====== Records

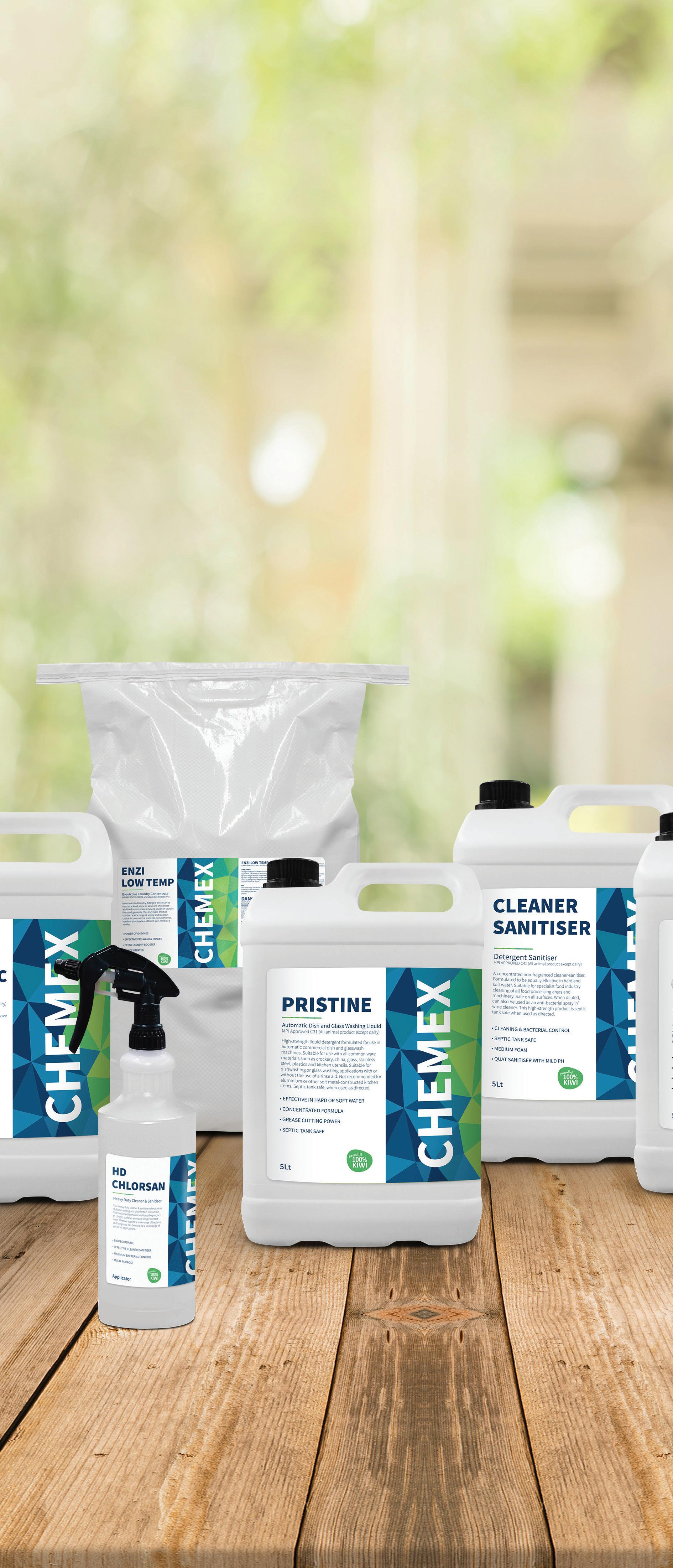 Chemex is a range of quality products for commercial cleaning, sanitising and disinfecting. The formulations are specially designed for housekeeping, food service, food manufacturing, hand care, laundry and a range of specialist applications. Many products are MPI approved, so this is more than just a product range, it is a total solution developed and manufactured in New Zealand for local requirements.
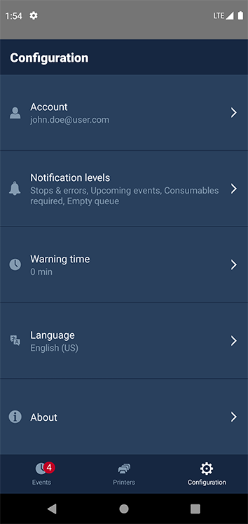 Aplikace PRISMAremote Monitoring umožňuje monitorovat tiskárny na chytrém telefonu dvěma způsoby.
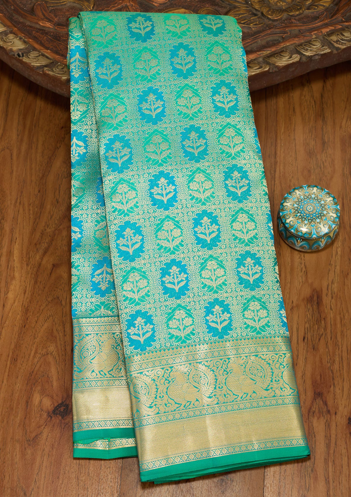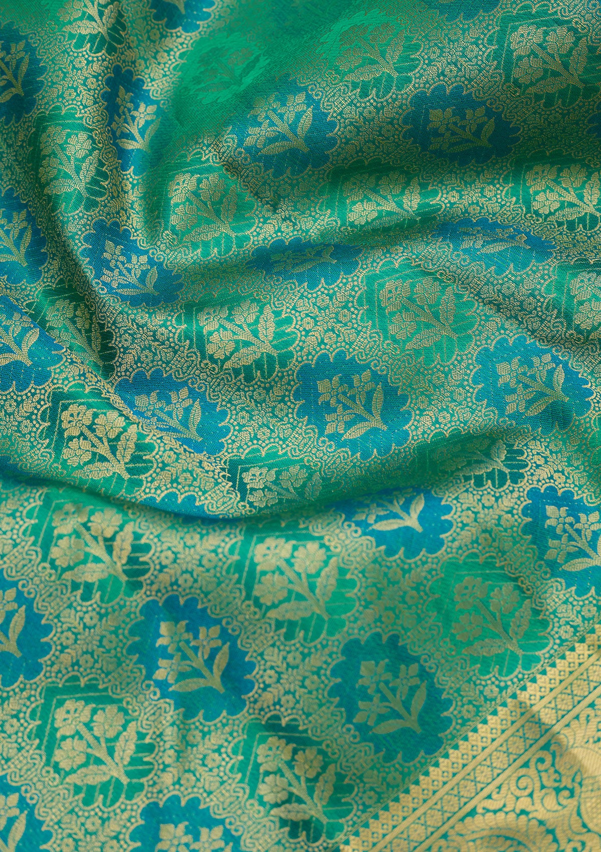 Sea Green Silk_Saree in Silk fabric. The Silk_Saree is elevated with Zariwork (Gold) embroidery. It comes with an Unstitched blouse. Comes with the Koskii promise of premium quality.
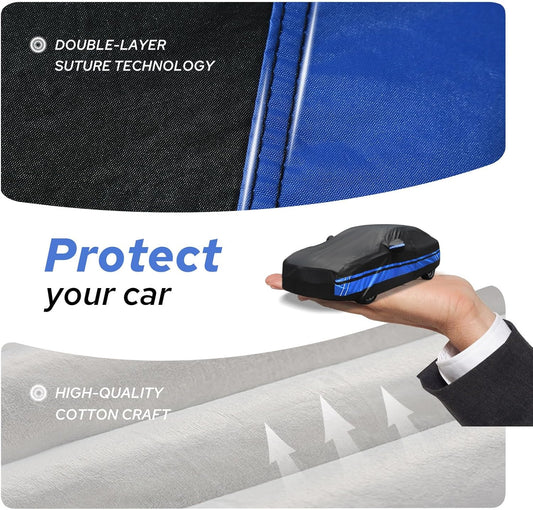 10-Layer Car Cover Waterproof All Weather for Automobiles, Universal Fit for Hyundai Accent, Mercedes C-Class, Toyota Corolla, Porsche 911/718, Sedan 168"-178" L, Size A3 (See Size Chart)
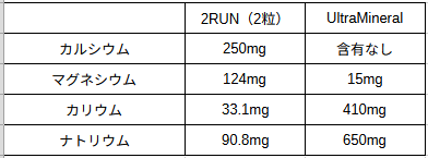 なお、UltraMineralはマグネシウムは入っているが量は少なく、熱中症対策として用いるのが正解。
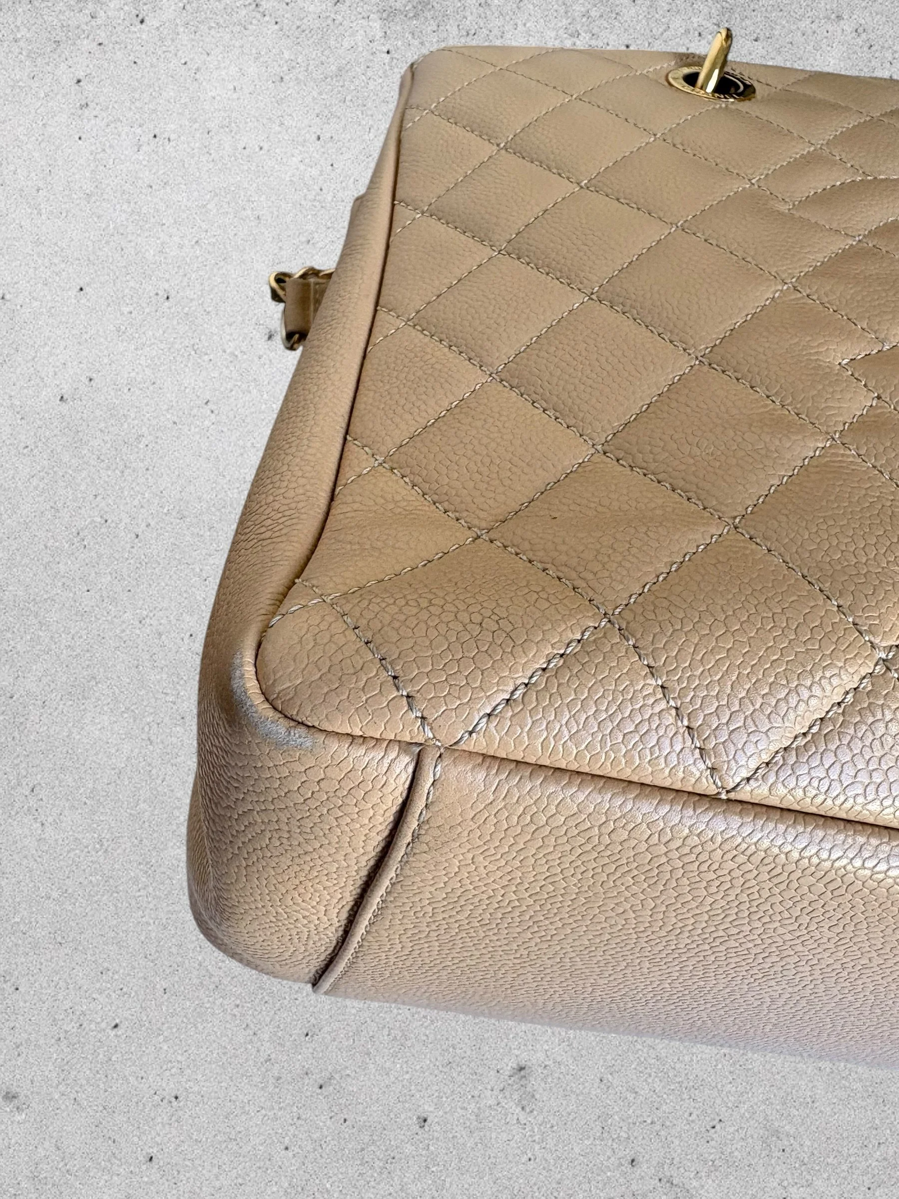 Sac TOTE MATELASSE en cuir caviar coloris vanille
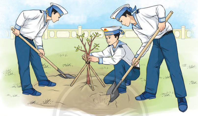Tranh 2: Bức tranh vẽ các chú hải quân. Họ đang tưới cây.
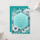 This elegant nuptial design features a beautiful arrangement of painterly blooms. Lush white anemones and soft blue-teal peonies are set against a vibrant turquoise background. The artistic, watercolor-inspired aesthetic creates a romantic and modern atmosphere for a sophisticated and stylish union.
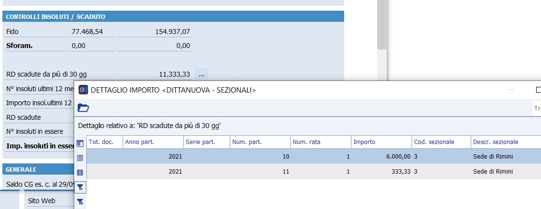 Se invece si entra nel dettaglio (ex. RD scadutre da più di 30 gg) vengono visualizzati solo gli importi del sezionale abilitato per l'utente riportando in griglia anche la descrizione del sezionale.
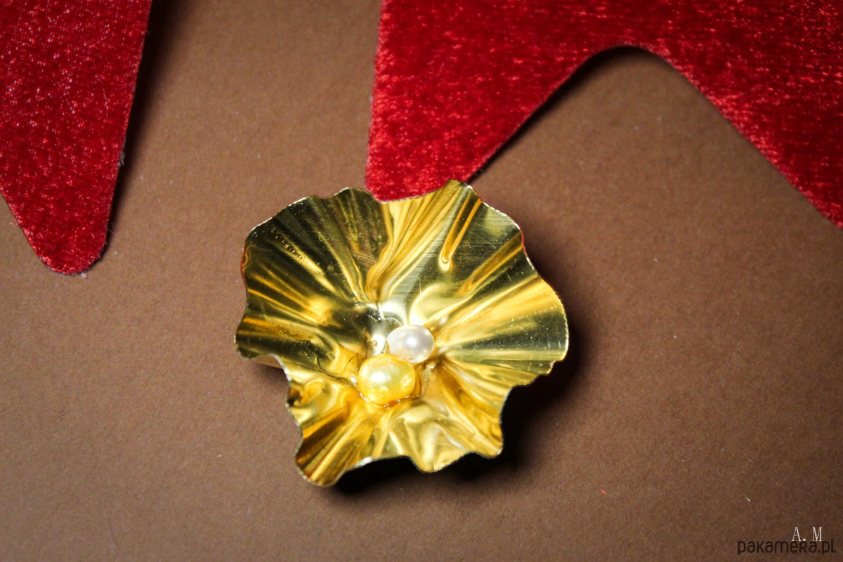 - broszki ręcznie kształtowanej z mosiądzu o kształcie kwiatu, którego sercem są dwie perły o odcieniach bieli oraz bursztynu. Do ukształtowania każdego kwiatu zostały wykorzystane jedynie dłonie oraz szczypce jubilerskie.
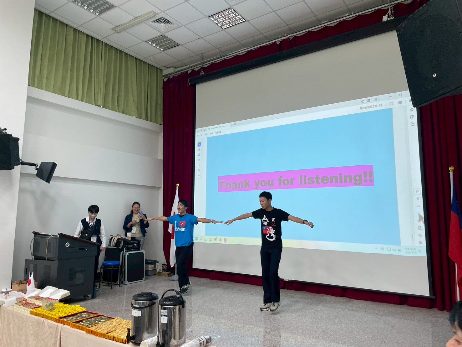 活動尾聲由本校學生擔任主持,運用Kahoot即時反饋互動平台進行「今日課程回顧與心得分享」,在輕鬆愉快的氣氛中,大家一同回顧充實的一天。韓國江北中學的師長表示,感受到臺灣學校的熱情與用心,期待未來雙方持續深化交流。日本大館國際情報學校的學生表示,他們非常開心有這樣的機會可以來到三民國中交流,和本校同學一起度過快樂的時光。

============

Exercise requirements —
Here the job is to copy the stretch of records from the line containing "Tranh 2: Bức" through the line containing "This elegant nuptial", word for word. Leave every picture out.

Reply —
Tranh 2: Bức tranh vẽ các chú hải quân. Họ đang tưới cây.
 This elegant nuptial design features a beautiful arrangement of painterly blooms. Lush white anemones and soft blue-teal peonies are set against a vibrant turquoise background. The artistic, watercolor-inspired aesthetic creates a romantic and modern atmosphere for a sophisticated and stylish union.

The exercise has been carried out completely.